The recent decision by the national Lowe’s Home Improvement chain to pull its advertising from “All-American Muslim,” a TLC reality show, has landed the company in a public relations mess. The home improvement chain made its decision after being targeted, along with other advertisers, by a religious-right Christian activist group called the Florida Family Association.

The group has condemned the show, a reality series which follows five Muslim families in Dearborn, Michigan, as “propaganda” on its website.

Here’s what Lowe’s posted on its Facebook page explaining its decision to pull the ads:

Individuals and groups have strong political and societal views on this topic, and this program became a lightning rod for many of those views. As a result we did pull our advertising on this program. We believe it is best to respectfully defer to communities, individuals and groups to discuss and consider such issues of importance.

A post yesterday by KPCC’s Yasmin Nouh addressing the anatomy of the Lowe’s controversy drew a long string of comments from readers sharing their thoughts, some of them pretty interesting. Here they are, unedited.

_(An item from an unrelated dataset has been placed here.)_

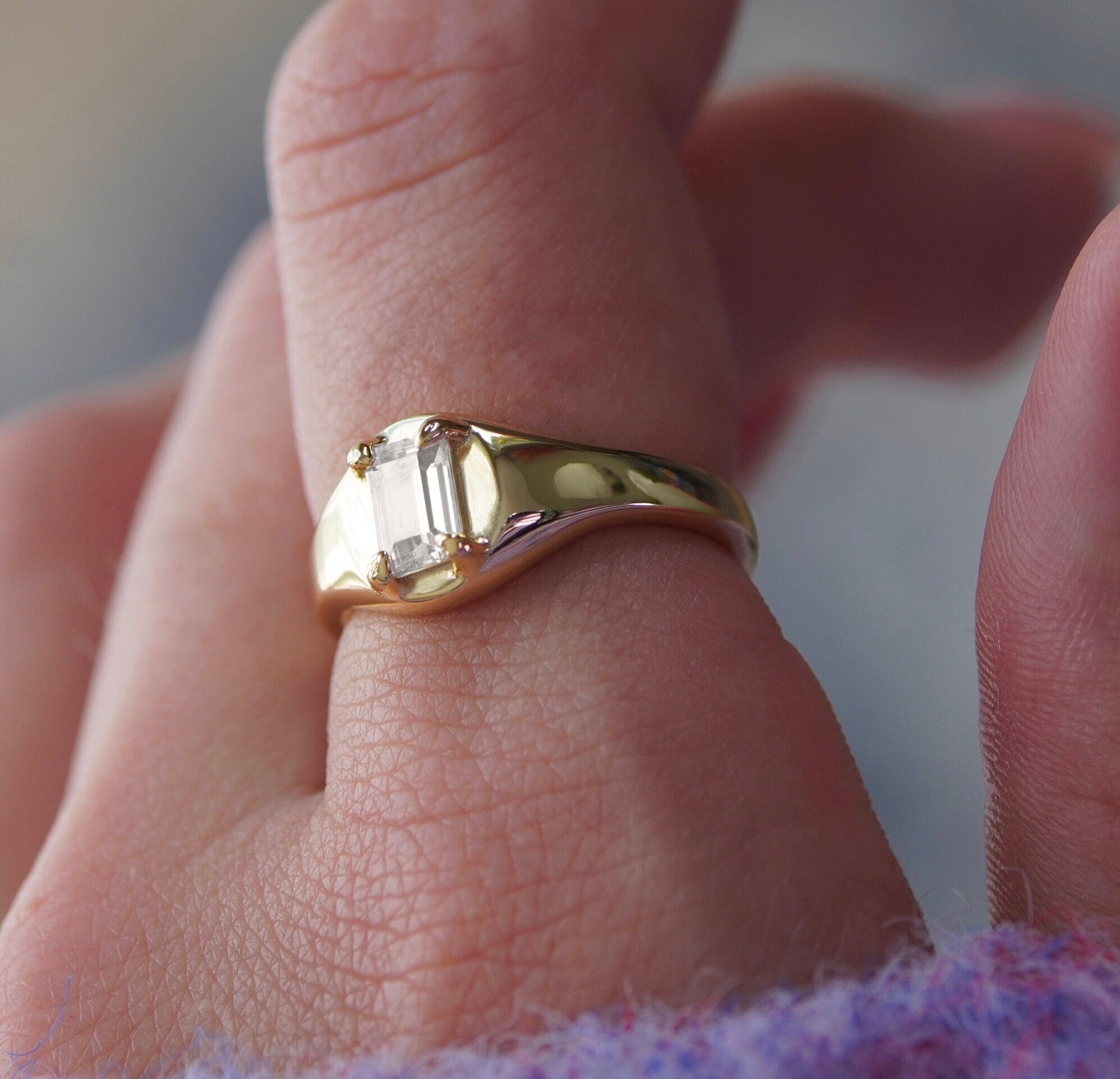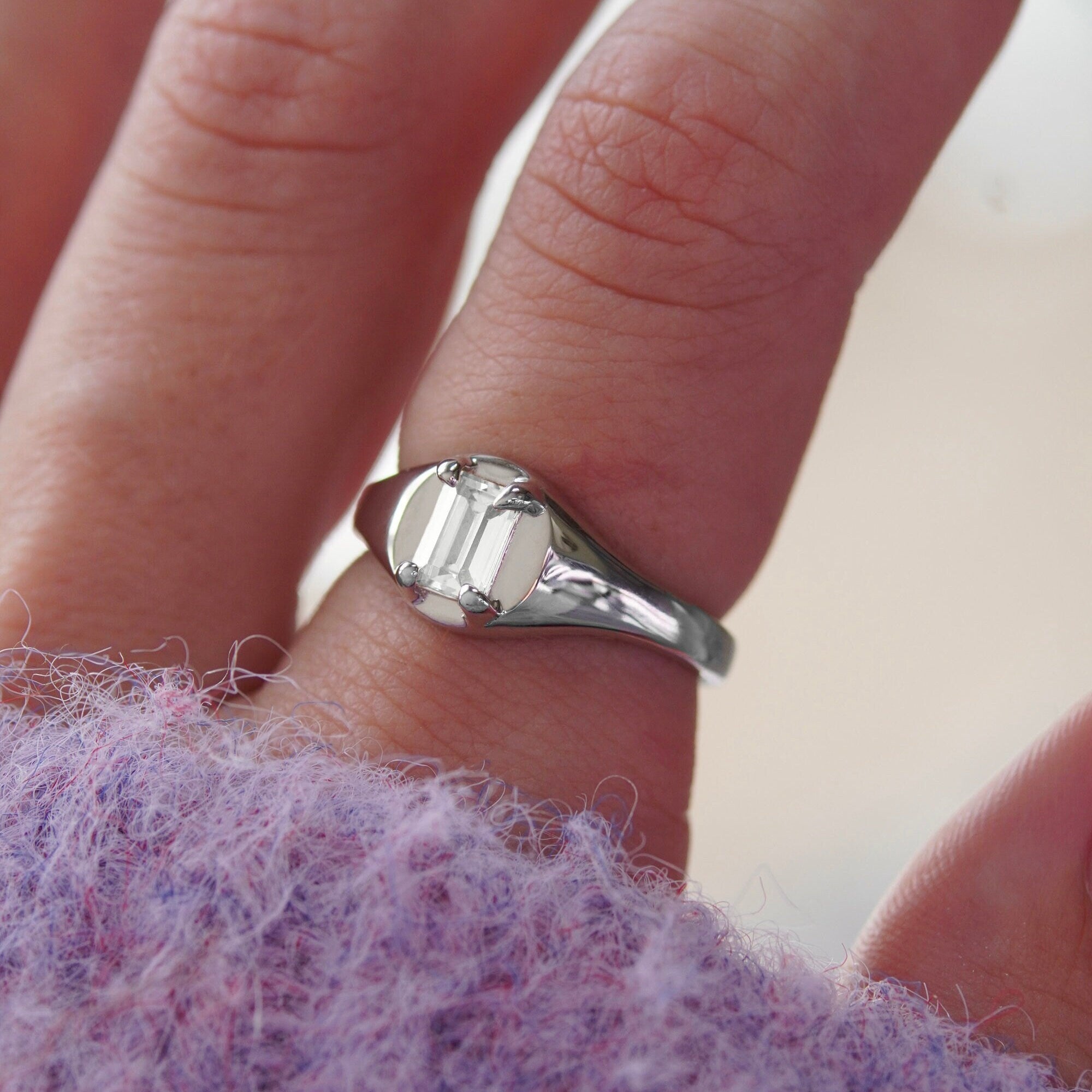 The AUBREY ring is crafted from Gold Vermeil or 925 Sterling Silver and features a sleek and modern claw set emerald cut stone. Level up your ring stack with this super special design, featuring an adjustable ring back. The unique adjustable design allows the ring to be worn on any finger, simply slide the ring wider or small to get your perfect fit.

Mandingo wrote in support of the boycott that critics of Lowe’s have called for, and regarding hip hop mogul Russell Simmons supporting the show and buying remaining ad time:

I am boycotting Lowes and support Rusell simson in boycotting them. There should be repercautions for Blantant prejudices

Jskdn wrote:

I think commercial sponsors should only be concerned with the audience they reach and stay out of issues around the programing content. Otherwise they will needlessly involve themselves into political controversies that shouldn’t be their concern. Of course that principle would also apply to the John and Ken show.

A reader whose handle is too profane to print – but whose comment was clean enough – wrote:

Lowes has the right to do what they want. I guess it would be okay if Russell Simmons wanted to protest chic filet because of their Christian standards. Double bias always come from the left and the minorities.

InTheDark replied with this:

The Florida Family Association’s statement was very unfair to a sizable portion of our fellow Americans and to TV producers who dare to show Muslims simply being Americans not involved in advancing Islamic fundamentalism. Lowe’s, by discontinuing their ads, showed either agreement with that unreasonable statement or acceptance of it as legitimate.

The appearance is there—that Lowe’s corporate leadership considers anti-Muslim discrimination and prejudice to be appropriate in American society. Lowe’s could have made a positive gesture in favor of fairness to American religious minorities by continuing the sponsorship it originally undertook with potential consequences anyone could have foreseen. A shame they caved.

So did prado4587:

As a shareholder, I would be disappointed in Lowes’ decision. Muslim Americans are highly educated and high income earners. I like companies I invest in to maximize profits instead of making business decisions based on religious beliefs and perceptions.

But apmd disagreed, writing:

Lowes did the right thing.

(everyone so offended and protective when it concerns anything related to islam)

Lowe’s isn’t the only company to stop advertising on the show. The online travel booking company Kayak admitted it won’t continue advertising on “All-American Muslim” when it returns in January although “we adamantly support tolerance and diversity,” as chief marketing officer Robert Birge wrote on the company website. “Mostly, I just thougth the show sucked,” he wrote.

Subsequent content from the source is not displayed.